Writing that whole loop with assembler would have yielded next to no improvement but that would have sacrificed readability, maintainability and portability.
> You can't have the body of your inner loop in assembly, but the looping mechanism in C.
You're right in that you can't mix inline assembler and C and get the compiler to optimize it correctly, but using intrinsics you can get the best of both worlds.
This is pretty much exactly what I had, except that my "inner loop" primitives were C code+intrinsics that looked like assembly code. Because they were not assembler code, the compiler was able to optimize the whole loop and the end result is something similar to what you show as an example of good performing asm code.
If you do end up writing assembler, you have to be sure that it is worth sacrificing the compiler optimizations that would take place otherwise.
And when the compiler wants to use more SSE registers than are available, it will register spill. A clever programmer may be able to avoid that, and that's where the performance boost comes from.
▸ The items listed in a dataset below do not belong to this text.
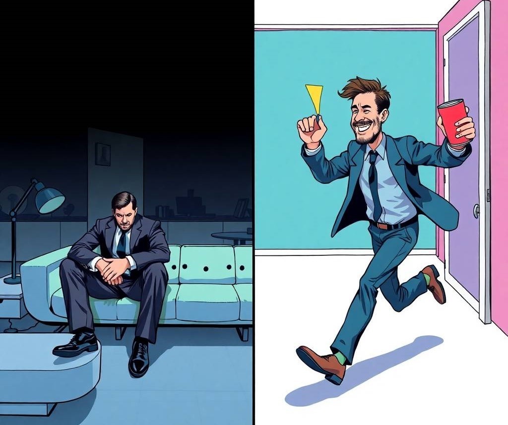 Жил-был Денис. У Дениса было всё: статусный автомобиль, должность «ведущего стратега» в открытом пространстве с зоной коворкинга, и девушка Ира, которая заботилась о нём, как оператор о редком экзотическом растении. Она варила ему кофе на воде из Альп, гладила рубашки паровым станком и планировала его выходные с точностью до минуты: «суббота — гастроужин, воскресенье — спортзал и арт-медитация». Денис был обласкан, ухожен и стратегически выверен. Но иногда, во время арт-медитации, его взгляд застревал не на инсталляции, а на грязном окне, за которым копошились дворники. И в его глазах вспыхивала не зависть, а тоска. Тоска по чему-то очень простому и очень хаотичному. Однажды Ира, чтобы окончательно «гармонизировать его среду», купила суперэргономичный диван за ползарплаты. «Смотри, — сказала она, — в нём шесть положений для релакса, массаж и встроенная колонка! Теперь ты будешь отдыхать правильно!». Денис покорно лёг. Ира включила ему звуки дождя и ушла на онлайн-йогу. А через пятнадца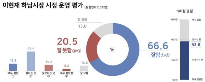 ▶ 하남시장 시정 운영 “잘한다” 66.6%···“잘못한다” 20.5%와 비교해 3.3배가량 높아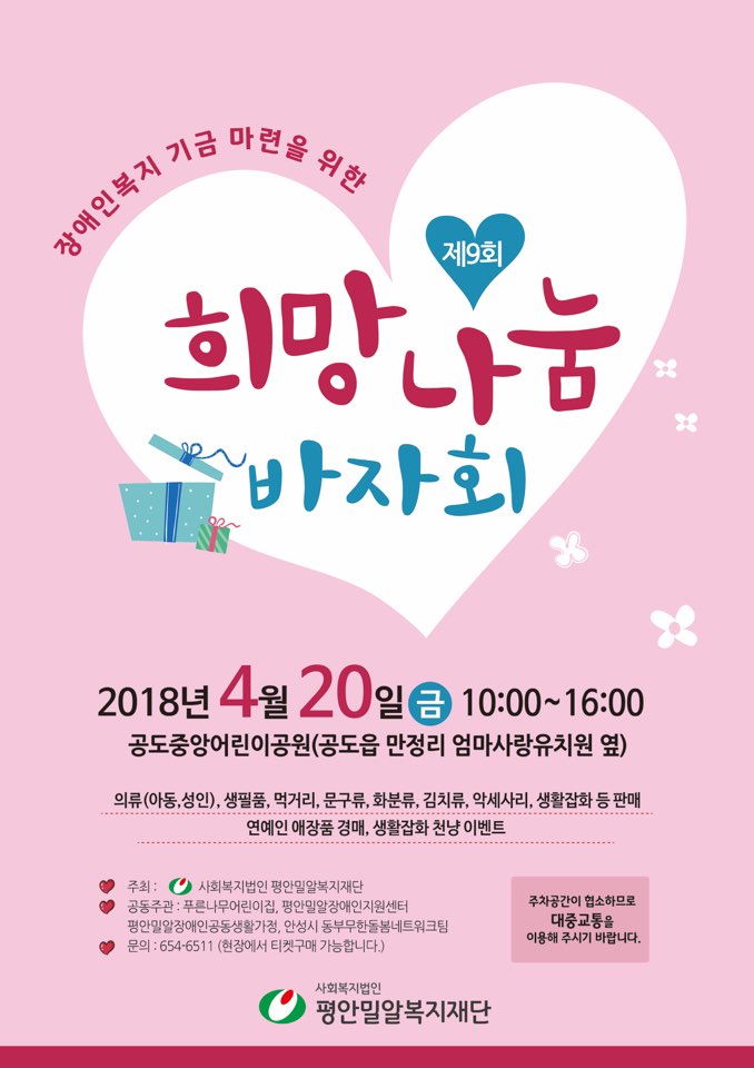 사회복지법인 평안밀알복지재단(대표이사 한덕진)이 주최하고 푸른나무어린이집, 평안밀알장애인지원센터, 평안밀알장애인공동생활가정, 안성시 동부무한돌봄네트워크팀이 공동주관하는 제9회 희망나눔 바자회가 오는 20(금) 오전 10시부터 오후 4시까지 공도중앙어린이공원(경기 안성시 공도읍 만정리)에서 열린다.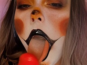 Experience the wild passion as two gorgeous girlfriends succumb to the seductive allure of an evil clown. Brace yourself for an unforgettable journey filled with forbidden desires. You won't be able to resist.
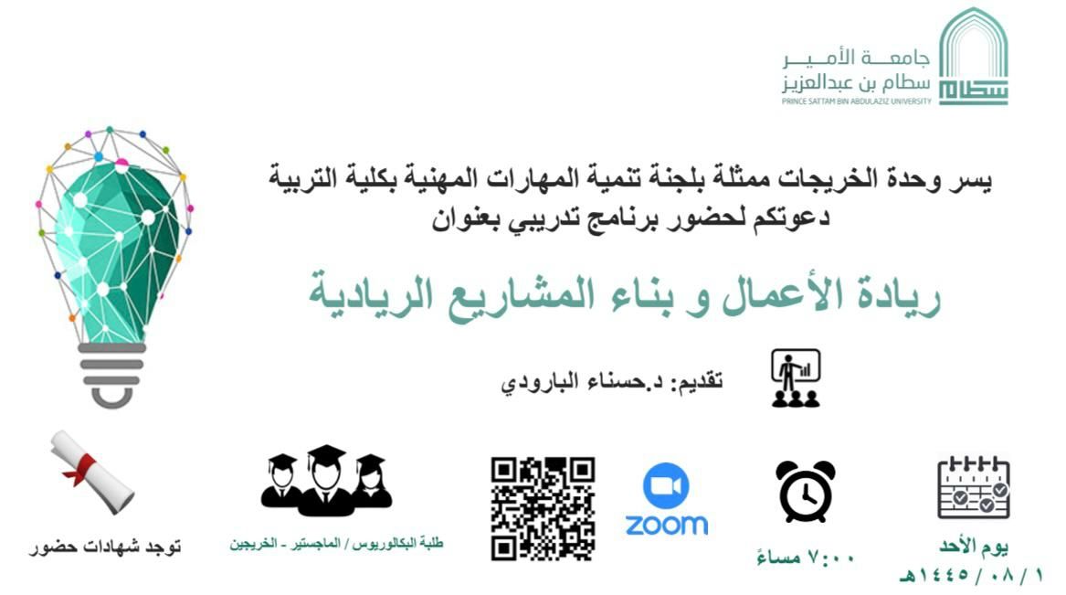نظمت وحدة الخريجات بكلية التربية ممثلة بلجنة تنمية المهارات المهنية برنامجاً تدريبياً استهدف الخريجات والمتوقع تخرجهن ببرامج البكالوريوس والماجستير تحت عنوان: " ريادة الاعمال وبناء المشاريع الريادية " وذلك مساء يوم الأحد 1شعبان لعام 1445هـ عبر الزوم.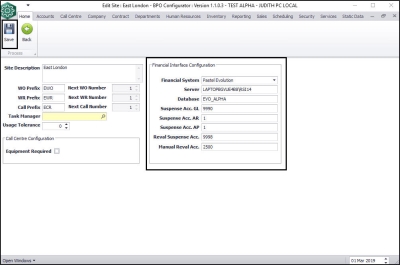 - Database: Type in the Pastel Evolution database name e.g. EVO_TEST_PROD.

You've convinced me to leave that as an ultra-last-resort though, and just try out intrinsics first. Dumb compilers are probably less of an issue nowadays than in ye olden days of ~5 years ago. Thank you for the thorough explanation!
> And when the compiler wants to use more SSE registers than are available, it will register spill. A clever programmer may be able to avoid that, and that's where the performance boost comes from.
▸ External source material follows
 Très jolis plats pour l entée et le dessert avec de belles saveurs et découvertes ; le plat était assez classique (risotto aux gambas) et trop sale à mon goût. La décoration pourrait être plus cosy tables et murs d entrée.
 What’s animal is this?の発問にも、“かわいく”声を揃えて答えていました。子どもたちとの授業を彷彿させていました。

Yeah, at some point the compiler can't do any more magic and will start spilling. But it's not very often when a programmer intervention is required.
Quite often you can get the effect you need by looking at the compiler-emitted code, see where the spilling or other unwanted effects happen and do small tweaks to your C code. This is a bit annoying but it still beats hand writing asm code when it comes to time investment (it is not necessarily as fun, though).
> You've convinced me to leave that as an ultra-last-resort though, and just try out intrinsics first. Dumb compilers are probably less of an issue nowadays than in ye olden days of ~5 years ago. Thank you for the thorough explanation!
Yes, compilers have improved and will keep on improving. I was blown away by the quality of code I saw coming from GCC and Clang, in particular about how good the instruction scheduling was.
In any case - writing C code that looks like Assembly code (ie. plain and simple) gives very good results and doesn't require you to sacrifice compiler optimizations like using real Assembly code does. Read the output Assy code and revisit the C code if required, this way you should be able to get near-optimal code with less time investment.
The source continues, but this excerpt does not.